### Assigment 2.3. Custom Processor Instance: FrameworkProcessor

* <span style="padding:4px; background-color: #f2a68a; color: #000;"><strong>Assignment 2.3</strong></span> We used an instance of [`SKLearnProcessor`](https://sagemaker.readthedocs.io/en/stable/frameworks/sklearn/sagemaker.sklearn.html#scikit-learn-processor) to run the preprocessing script, but there's no way to add dependencies to the processing container. Modify the code to use an instance of [`FrameworkProcessor`](https://sagemaker.readthedocs.io/en/stable/api/training/processing.html#sagemaker.processing.FrameworkProcessor) instead. This class will allow you to specify a directory containing a `requirements.txt` file containing the list of dependencies that will be installed in the target container prior to triggering processing job.

**Steps**:

0. Setting up the basics for the pipeline to run: imports, prev. code
1. Create requirements.txt
2. Create Dockerfile
3. Build Docker image
4. Upload Docker image to Amazon ECR
5. **Define FrameworkProcessor**
6. **Run processing job**
7. Check results

In [25]:
%load_ext autoreload
%autoreload 2

import sys
from pathlib import Path

import boto3
import sagemaker
from sagemaker import image_uris
from sagemaker.processing import FrameworkProcessor
from sagemaker.processing import ProcessingInput, ProcessingOutput
from sagemaker.workflow.steps import ProcessingStep
from sagemaker.workflow.parameters import ParameterString
from sagemaker.workflow.pipeline import Pipeline
from sagemaker.workflow.steps import CacheConfig
from sagemaker.workflow.pipeline_definition_config import PipelineDefinitionConfig
from sagemaker.workflow.pipeline_context import PipelineSession
from sagemaker.sklearn.estimator import SKLearn

BUCKET = "mlschool-davidorti"

region = boto3.Session().region_name
pipeline_session = PipelineSession(default_bucket=BUCKET)
sagemaker_session = sagemaker.session.Session()
role = sagemaker.get_execution_role()
pipeline_definition_config = PipelineDefinitionConfig(use_custom_job_prefix=True)

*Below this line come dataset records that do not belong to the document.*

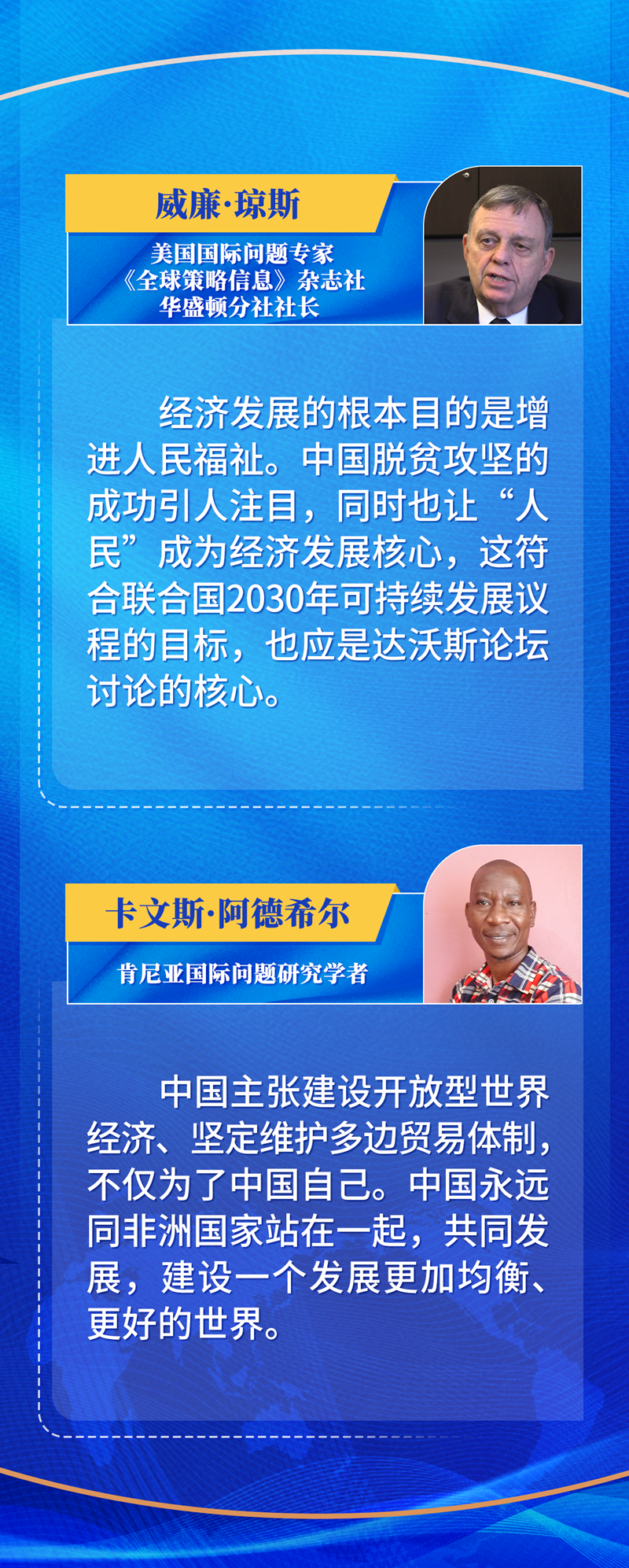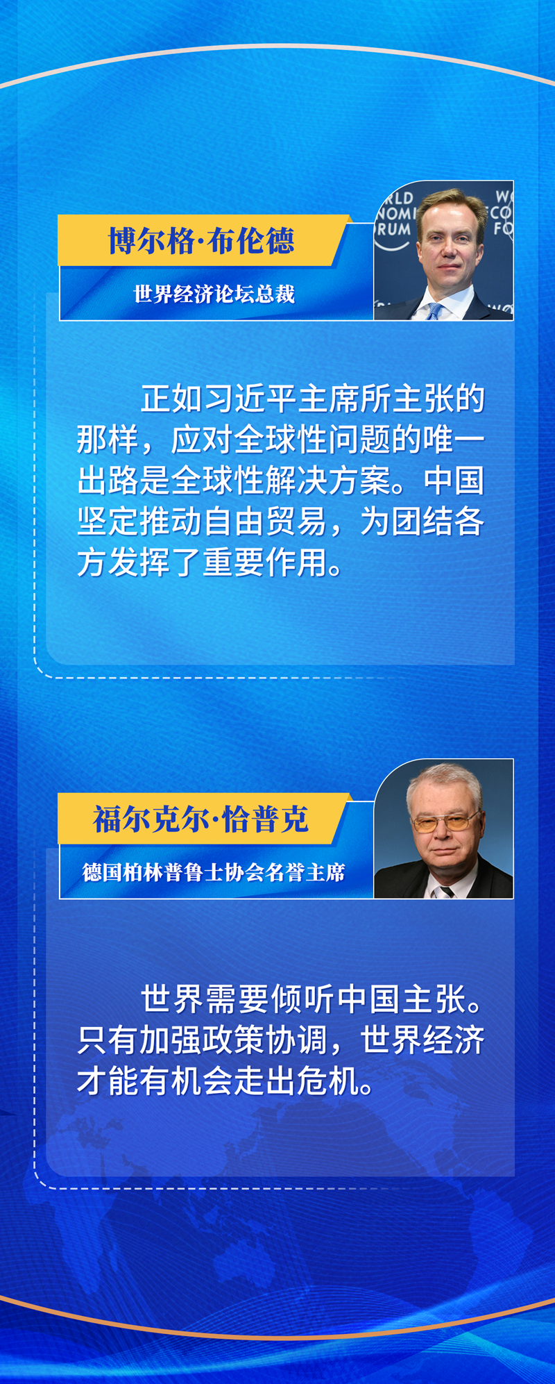 今年的達(dá)沃斯論壇年會(huì)以“在分裂的世界中加強(qiáng)合作”為主題。對(duì)習(xí)近平主席的主張,世界經(jīng)濟(jì)論壇總裁博爾格·布倫德深表認(rèn)同。他說,應(yīng)對(duì)全球性問題的出路是全球性解決方案。“中國堅(jiān)定推動(dòng)自由貿(mào)易,為團(tuán)結(jié)各方發(fā)揮了重要作用。”
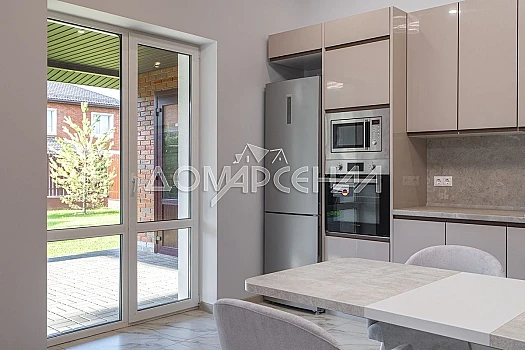 Благоустройство: на участке уложен рулонный газон, вокруг дома выполнена отмостка из брусчатки. Есть площадка для парковки автомобилей и дорожки, также уложенные брусчаткой.Высажены деревья и декоративные насаждения.
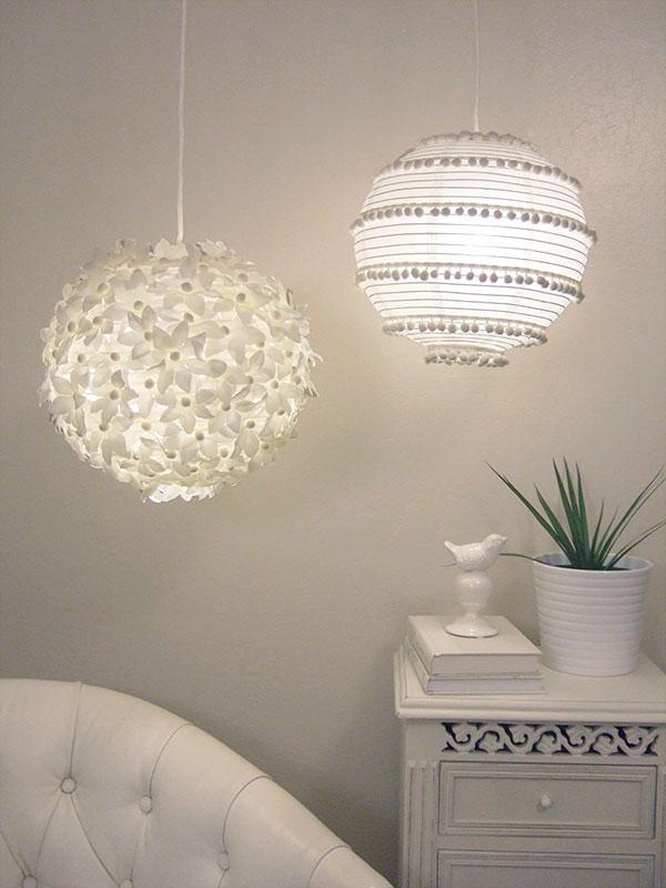 La segunda y tercera idea, respetando el color blanco inmaculado de la lámpara, viene a cargo del blog Crafty Nest. Tan solo se necesitan unos metros de madroños blancos y algo de pegamento para pegarlos. Y si preferimos algo más recargado, con unas flores decorativas podemos hacer el otro diseño. Podéis ver el tutorial completo en su blog.
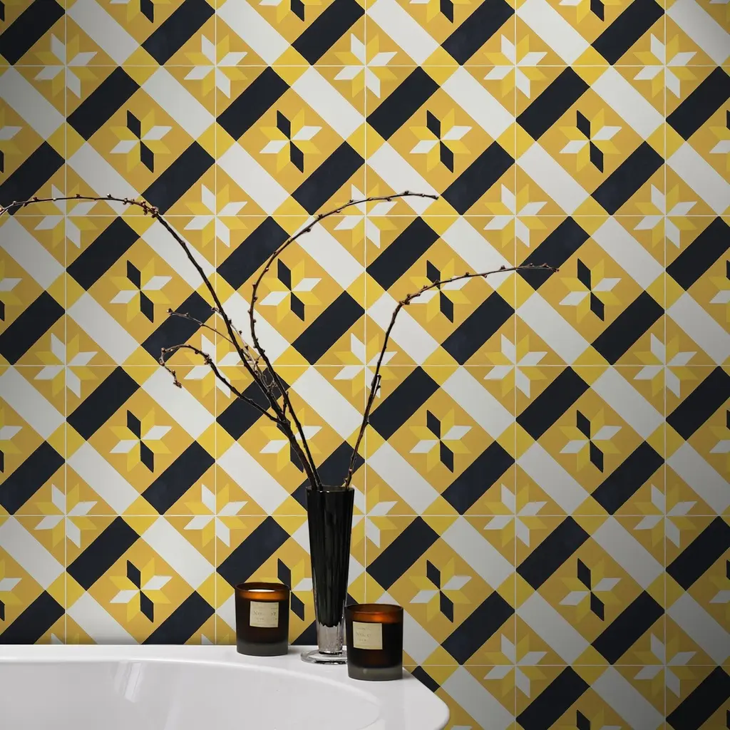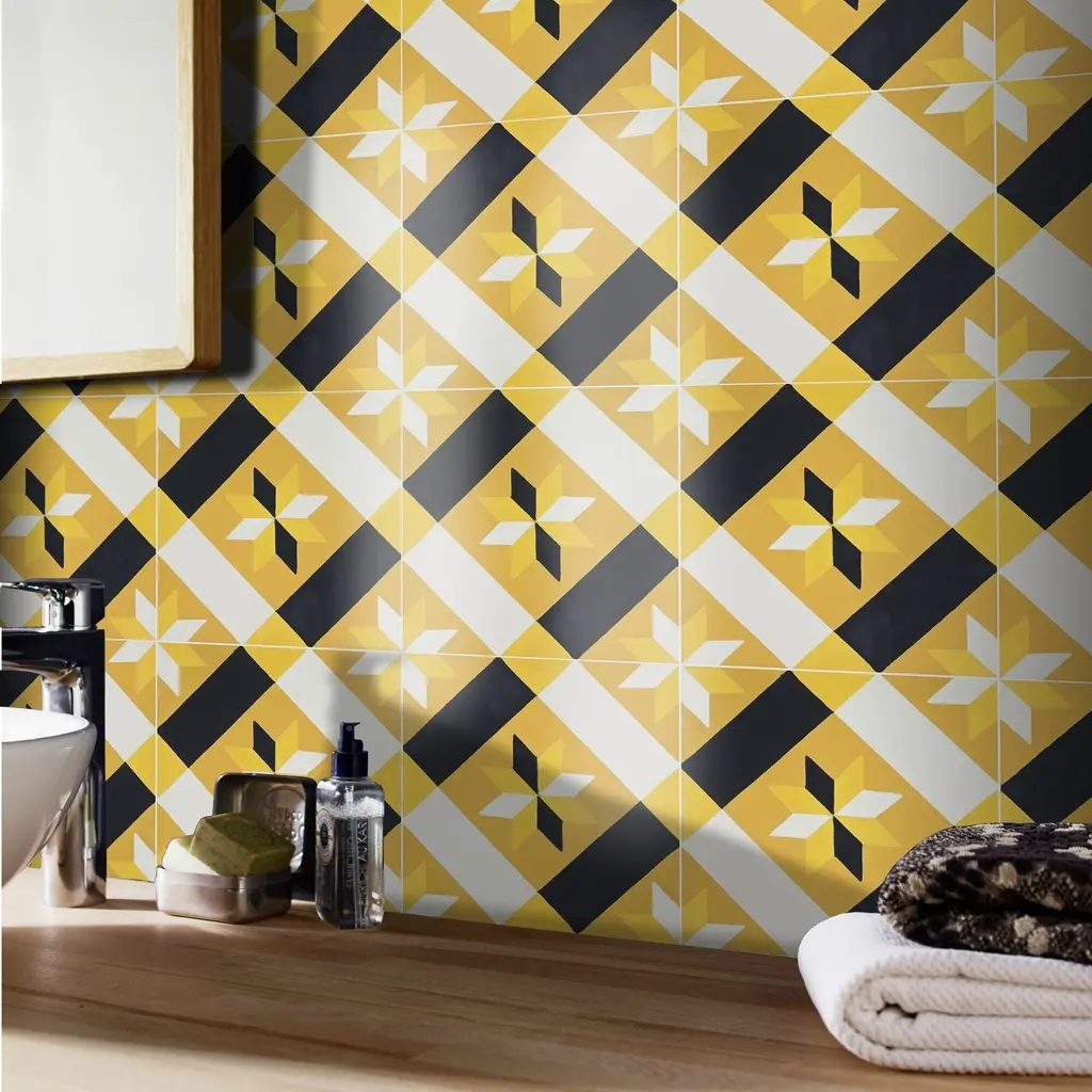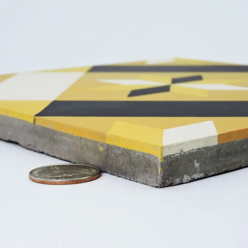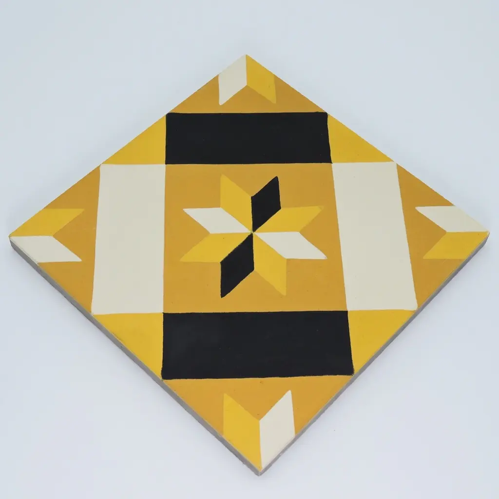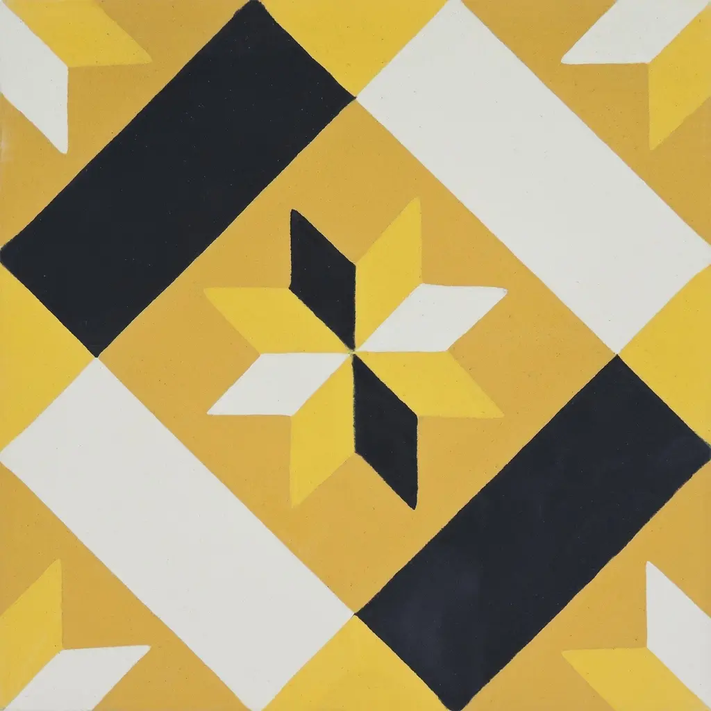 Kotoubia is a conventional cement tile. Its traditional and delicate design will complement any room. Its black, white, and yellow colors add a warm and welcoming appearance. Kotoubia will bring a fresh and elegant feeling to your home.Features:· Handmade in Morocco· Decorative floor and wall tiles· Made of cement materials· Professional installation is recommended.· Tiles need to be sealed before and after grouting.· Eco-friendly· Indoor or outdoor use· Geometric pattern· When ordering a box, 12 tiles come included. Sample is just 1 tile.· 12 tiles per box, covering 5.22 square feet.· 2.3 tiles per square foot· Each tile measures 8 inches wide x 8 inches longStory Behind the Art: "It's more than tile, it's art." That simple statement is what sets the craftsmanship of Moroccan Mosaic apart from the rest. Based in the small city of Sale, Moroccan Mosaic is a family business going back 4 generations. When Simo, the current head of the business graduated from university in New York, he had little interest in the family business. But on a return trip home, he saw that the business was not doing well and set about reviving it. One important change he made was introducing black, grey, and white designs to appeal to American and European customers. It worked. When he started, they employed 2 workers and now they have nearly 80 on staff. The workshop itself is fairly simple, and the techniques used to create the tiles are steeped in tradition. Some modern equipment is available, though the workers prefer to use the more rustic tools. The creative process is time intensive and done by hand, as Simo insists on no corners be cut or production be rushed. Environmentally responsible and resource efficient, no chemicals are used at any step. For example, colors used come from nature literally. Green comes from mint leaves, orange from orange peel, and black from charcoal. The tiles themselves are a simple mixture of cement, sand, and granite powder. Moroccan Mosaic hires only local workers, teaching them a valued skill as well as paying them fair wages. Simo's goals for his business are to share the tradition of gorgeous Moroccan tile, grow the business, and employ more and more workers.
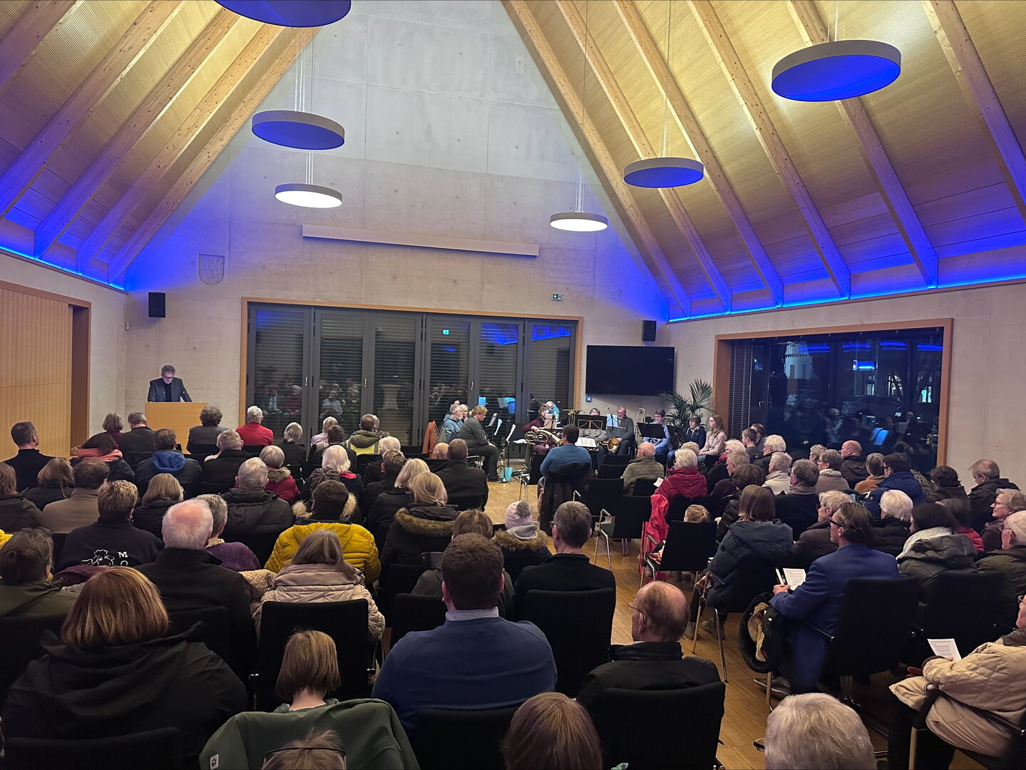 Stimmungsvoller Höhepunkt des Abends war eine Kerzenaktion, bei der die Flamme vom Rednerpult aus Stück für Stück durch die Reihen weitergeleitet wurde und den dafür abgedunkelten Bürgersaal in ein warmes, hoffnungsvolles Licht tauchte. So konnten die Besucherinnen und Besucher in eine schöne Silvesternacht und ein hoffentlich frohes, gesundes und friedliches Jahr 2025 starten.
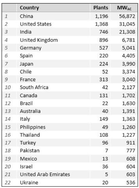 總體而言,太陽(yáng)能園區(qū)的累計(jì)容量已達(dá)到約160吉瓦,其中大部分部署在中國(guó)(56.8吉瓦),美國(guó)(31.0吉瓦),印度(21.3吉瓦),英國(guó)(6.7吉瓦)和德國(guó)(5吉瓦)。
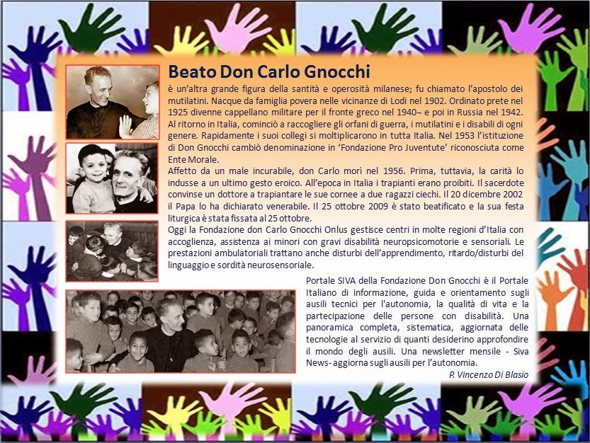 Beato Don Carlo Gnocchi nel ricordo della storia dei sordi. Il beato Carlo Gnocchi è un’altra grande figura della santità e operosità milanese; fu chiamato l’apostolo dei mutilatini. Nacque da famiglia povera nelle vicinanze di Lodi nel 1902. Ordinato prete nel 1925 divenne cappellano militare per il fronte greco nel 1940¬ e poi in Russia nel 1942.
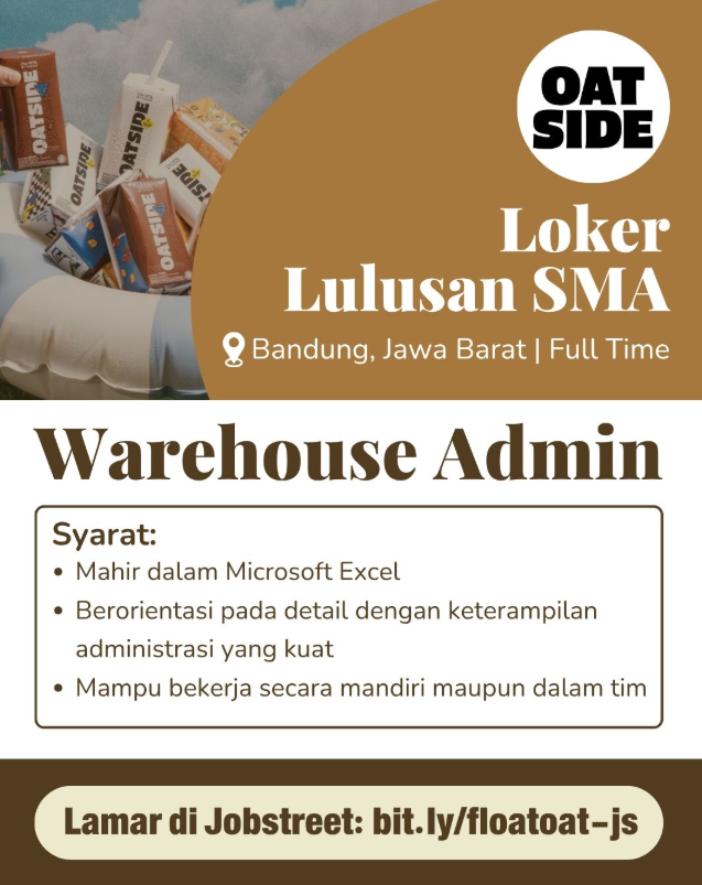 Dengan posisi sebagai Admin Gudang, loker Oat Side Bandung harus dimanfaatkan sebaik mungkin.
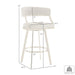 Bring sophisticated elegance and comfort to any corner of your space with the Saturn Swivel Counter or Bar Height Stool in Faux Leather and Stainless Steel by Armen Living. Refined design details and a mix of high-quality materials lend luxurious charm to our barstool. The beautifully stylized armrest and curved back offer a polished and sophisticated look. The generously padded, barrel back flows into the beautifully stylized armrests for maximum comfort and a sophisticated silhouette.
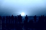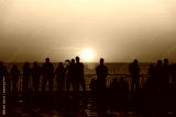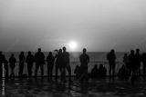 Silhouettes of people against the setting sun on deck of a cruise ship. Calm ocean and clear orange sky in evening time. Cruise vacations background

ASSIGNMENT_CODE_DIR = Path("code")
if str(ASSIGNMENT_CODE_DIR) not in sys.path:
    sys.path.append(f"{ASSIGNMENT_CODE_DIR}")

The autoreload extension is already loaded. To reload it, use:
  %reload_ext autoreload
sagemaker.config INFO - Not applying SDK defaults from location: /etc/xdg/sagemaker/config.yaml
sagemaker.config INFO - Not applying SDK defaults from location: /root/.config/sagemaker/config.yaml
sagemaker.config INFO - Not applying SDK defaults from location: /etc/xdg/sagemaker/config.yaml
sagemaker.config INFO - Not applying SDK defaults from location: /root/.config/sagemaker/config.yaml
sagemaker.config INFO - Not applying SDK defaults from location: /etc/xdg/sagemaker/config.yaml
sagemaker.config INFO - Not applying SDK defaults from location: /root/.config/sagemaker/config.yaml


In [9]:
sys.path

['/root/ml.school/penguins/assignments/assignment_23',
 '/usr/local/lib/python38.zip',
 '/usr/local/lib/python3.8',
 '/usr/local/lib/python3.8/lib-dynload',
 '',
 '/usr/local/lib/python3.8/site-packages',
 '/usr/local/lib/python3.8/site-packages/IPython/extensions',
 '/root/.ipython',
 'code']

1. First, we create the requirements.txt file so the new instance can install a few dependencies at startup -- just to test

In [11]:
%%writefile {ASSIGNMENT_CODE_DIR}/requirements.txt

# Core libraries
numpy==1.21.0
pandas==1.3.0
matplotlib==3.4.2
scipy==1.7.0

# Machine Learning libraries
scikit-learn==0.24.2
# tensorflow==2.5.0
# keras==2.4.3

# Deep Learning Visualization
# tensorboard==2.5.0

# Natural Language Processing
# nltk==3.6.2
# spacy==3.1.0

# Data visualization
seaborn==0.11.1
# plotly==5.1.0

Writing code/requirements.txt


2. Create the Dockerfile

In [18]:
sklearn_image_uri = image_uris.retrieve(
    framework='sklearn',
    region=region,
    version='0.23-1',
    image_scope='training'
)
sklearn_image_uri

'141502667606.dkr.ecr.eu-west-1.amazonaws.com/sagemaker-scikit-learn:0.23-1-cpu-py3'

In [19]:
%%writefile {ASSIGNMENT_CODE_DIR}/Dockerfile

FROM 141502667606.dkr.ecr.eu-west-1.amazonaws.com/sagemaker-scikit-learn:0.23-1-cpu-py3

COPY code/requirements.txt /opt/ml/processing/requirements.txt

RUN pip install -r /opt/ml/processing/requirements.txt

Overwriting code/Dockerfile


3 & 4. Not tested or used in the end, as I just went with a prebuild image from their registry...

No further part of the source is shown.